The blog is dusty from weeks of neglect, but it’s been for a good cause. Last Monday, I finally finished the novel that’s consumed my entire summer. I feel like I’ve given birth to a fourth child who may or may not learn to walk and talk. So now, it’s time to put the book out of my head, start digging myself out of the mountain of “real work” I’m buried under, and start catching up on these installments, which have become a cheap form of therapy for me.
These late summer days have been far from lazy — although I’ve been wearing my laptop as a permanent accessory, I’ve managed to spare a few hours here and there for trips to Coney Island, picnics at the Nature Center, marshmallow roasting around the firepit, and backyard birthday parties.
This month brought the biggest milestone to date: on Wednesday, Savannah took the plunge into kindergarten. When the bus pulled up on the first day, a million times bigger and louder than I remembered it from my own grade-school years, Savannah wasn’t entirely convinced she was up for this school thing. As I stood on the curb, gripping my camera and blinking back tears, I have to admit there was a teeny, tiny part of me (okay, maybe a little bigger than that) that breathed a sigh of relief when she turned to me and demanded that I walk onto the bus with her.
Squeezing down the narrow little aisle, I saw everything through Savannah’s eyes: the sea of fifth-graders who suddenly seemed like giants, the Hannah Montana bags that made her Cinderella backpack seem glaringly pre-schoolish, the chunky wedge sandals that made her immediately glance down at the pink flip-flops that had seemed so grown-up just a few weeks ago. It was loud, hot, noisy, and terrifying (probably more so for me than for her).

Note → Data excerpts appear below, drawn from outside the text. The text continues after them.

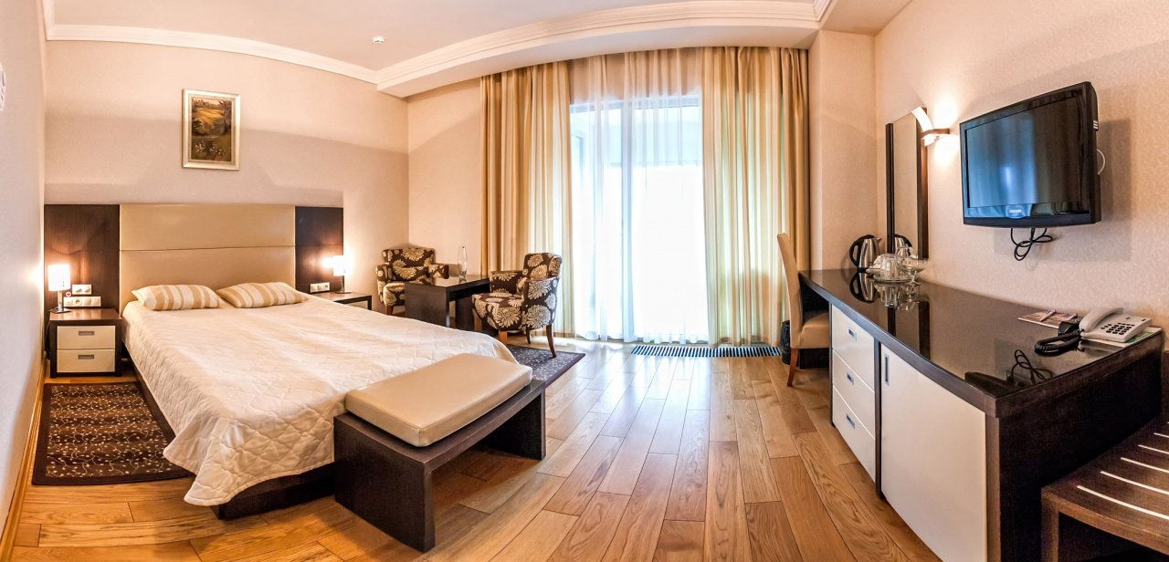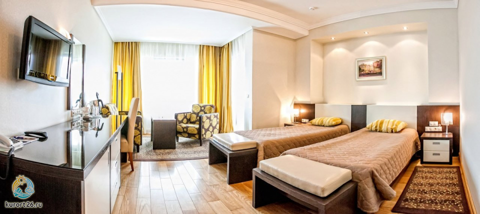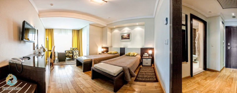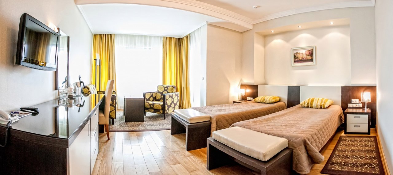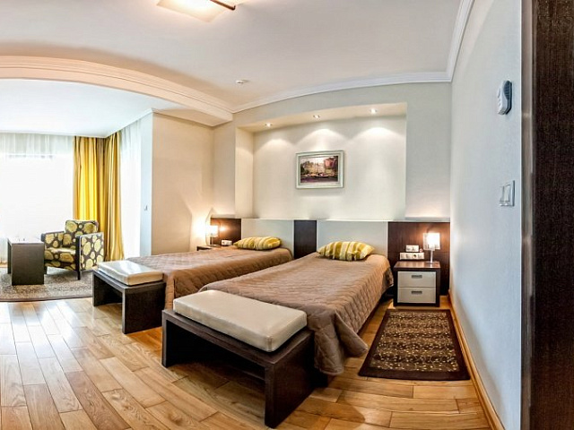 холодильник, кондиционер, телевизор, фен, набор чайной посуды, балкон, телефон, ванные принадлежности, шкаф, прикроватные тумбочки, односпальная кровать: 2 шт, диван, электрочайник, стол, ванная комната, кресло, набор уличной мебели, спутниковые каналы, гигиенические принадлежности, письменный набор, швейный набор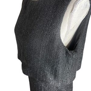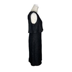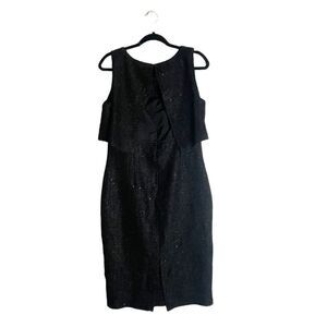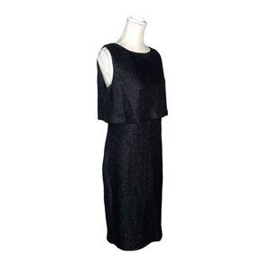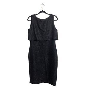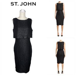 ST. John Metallic Tweed Sheath Dress. Fleck of sparkling metallic sequins elevates this tweed midi dress with a top popover detail for a polished yet stylish look. Crewneck Sleeveless Back zip closure Lined 41% rayon, 21% polyester, 14% acrylic, 14% cotton.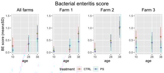 BE score measured in treatment (PS) and control (CTRL) groups at different time points by considering all farms together and then each one separately. BE scores are expressed on a scale from 0 (normal gastrointestinal tract) to 4 (severe dysbacteriosis).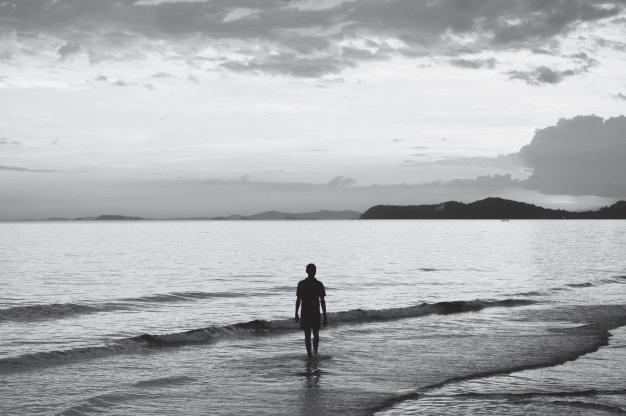 La botella se terminó. Él se puso de pie y caminó hacia el mar. Nadó más allá de donde rompen las olas y se recostó en el agua para flotar. Con tal de no dejarlo solo, ella le siguió los pasos.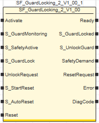 | The safety-related SF_GuardLocking 2 function block supports the monitoring of a guard with guard locking (door monitoring with a according to the DIN EN ISO 14119 standard).S_StartReset can be used to specify a start-up inhibit and S_AutoReset can be used to specify a restart inhibit.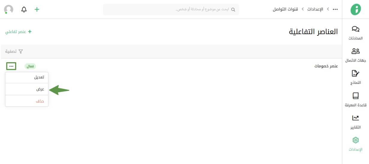 اضغط على اسم العنصر التفاعلي، أو اختر تعديل من القائمة الموضحة.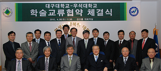 우석대학교(총장 라종일)와 대구대학교(총장 홍덕률)가 28일 대구대 성산홀에서 영호남지역 대학 교류 활성화를 위한 학술교류 협정을 체결했다.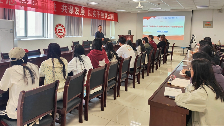 開展一項專題黨課培訓。根據(jù)“三會一課”基本的組織生活制度,經(jīng)濟管理學院黨委在5月份開展“黨組織書記講黨紀學習教育主題黨課”活動,旨在進一步規(guī)范組織生活,加強對黨員和入黨積極分子進行黨性教育和黨紀黨規(guī)教育。5月9日,經(jīng)濟管理學院黨委“黨組織書記講黨課”活動第一課開講,院黨委書記高擴昌作《新修訂<中國共產(chǎn)黨紀律處分條例>專題輔導報告》。接下來,學院黨委7個支部書記將分別結(jié)合支部特點和工作實際,講一堂黨紀教育黨課,通過黨課,講認識、談體會、提措施,扎實推動黨紀學習入腦入心。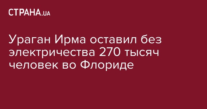 Почти 270 тысяч человек в американском штате Флорида остались без электричества при приближении урагана Ирма, сообщает РИА "Новости" со ссылкой на компанию-поставщика Florida Power & Light.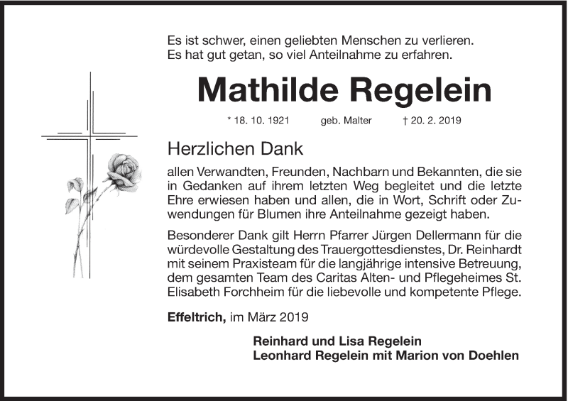 Hier finden Sie alle Traueranzeigen aus der Zeitung, die bisher für Mathilde Regelein erschienen sind. Weitere Traueranzeigen, die in der Zeitung erscheinen, werden hier ebenfalls aufgelistet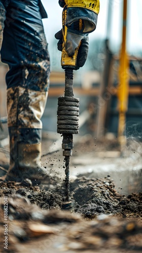 Builder using hammer drilling equipment in the ground The background is a construction site
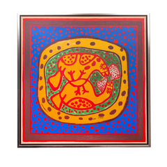 Corneille, 'Les oiseaux amoureux', 2009. Zeefdruk op linnen in zilverkleurige lijst, oplage van 130. Kleurrijke voorstelling met twee vogels in omhelzing en daar omheen een blauw-rood gestippeld kader. Signatuur Corneille 2009, midden onder. Conditie: goed. Afmeting lijst: 95 x 95 cm.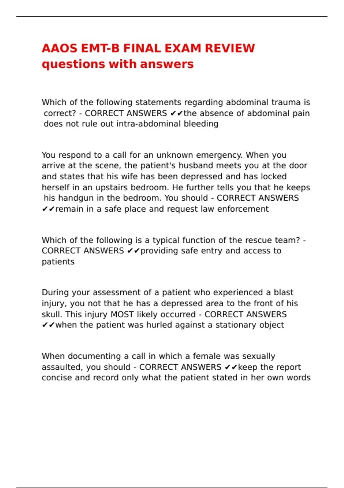AAOS EMT-B FINAL EXAM REVIEW questions with answers.

So when Sav looked up at me, ignoring the kids who politely scooted over to offer a few inches of green vinyl for her to sit on, and said in a tiny, desperate voice, “Mommy, I want you to drive me” — well, let’s just say I couldn’t get my car keys out fast enough. I smiled during the entire 1.5-mile drive to Willowville Elementary, secure in the knowledge that my baby, at the ripe old age of five, still needed her mama…for a few more hours, anyway.
The next morning, joined by her troop of neighborhood kindergarten friends who had decided to give the bus a try, Savannah was suddenly transformed into a hair-flippin’, gum-crackin’ third-grader. She pranced down the street with Karley and Alia, miles ahead of slow old Mom, who was still fumbling with Claire’s stroller and yanking off Abby’s soggy Pull-Up in the middle of the front yard. By the time I caught up with them, they were already in line at the curb, complimenting each other on their clothes and calculating how many days it would be until they were first-graders. “NO!” I wanted to scream. “Let’s slow this train down!” Just yesterday, Savannah was crawling around in a diaper, clinging to my leg like a crab, and here she was vamping around like a preteen.
This time, Savannah climbed onto the bus like she’d been born to do it, not even venturing a glance back at Mom or Grandma. We stood on our tiptoes and craned our necks for a glimpse of our grown-up girl, snapping pictures like paparazzi, but she’d already plunked down in an aisle seat and turned to talk to her friends. When the bus lurched away, it took a sliver of my heart along with it. Walking back home, pushing baby Claire in her stroller and holding thumb-sucking Abby on my hip, the street seemed suddenly eerily quiet.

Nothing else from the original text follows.